I am trying to use pyarrow to convert a csv to an apache arrow ipc with dictionary encoding turned on. The following appears to convert the csv to an arrow ipc file:
file = "./in.csv"
arrowFile = "./out.arrow"
with pa.OSFile(arrowFile, 'wb') as arrow:
with pa.csv.open_csv(file) as reader:
with pa.RecordBatchFileWriter(arrow, reader.schema) as writer:
for batch in reader:
writer.write_batch(batch)
I tried the following to use dictionary encoding:
convert_options = pa.csv.ConvertOptions(auto_dict_encode = True)

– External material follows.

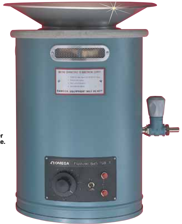
FSB-3 51 lb capacity

Both models shown smaller than actual size.

with pa.OSFile(arrowFile, 'wb') as arrow:
with pa.csv.open_csv(file, convert_options=convert_options) as reader:
with pa.RecordBatchFileWriter(arrow, reader.schema) as writer:
for batch in reader:
writer.write_batch(batch)
But I get the following error:
File "pyarrow/ipc.pxi", line 507, in pyarrow.lib._CRecordBatchWriter.write_batch
File "pyarrow/error.pxi", line 92, in pyarrow.lib.check_status
pyarrow.lib.ArrowInvalid: Dictionary replacement detected when writing IPC file format. Arrow IPC files only support a single non-delta dictionary for a given field across all batches.
How do I fix the code to use dictionary encoding?
It looks like the IPC protocol only supports unified dictionary encoding.
In your example each batch has got different dictionary encoding, which IPC doesn't support.
You'd have to load the whole table and call unify_dicionaries
.
import pyarrow as pa
schema = pa.schema([pa.field("col1", pa.dictionary(pa.int32(), pa.string()))])
table = pa.Table.from_batches(
[
pa.record_batch({"col1": ["a", "b", "b"]}, schema),
pa.record_batch({"col1": ["b", "b", "c"]}, schema),
],
)
with pa.OSFile("data.arrow", "wb") as arrow:
with pa.RecordBatchFileWriter(arrow, schema) as writer:
for batch in table.unify_dictionaries().to_batches():
writer.write_batch(batch)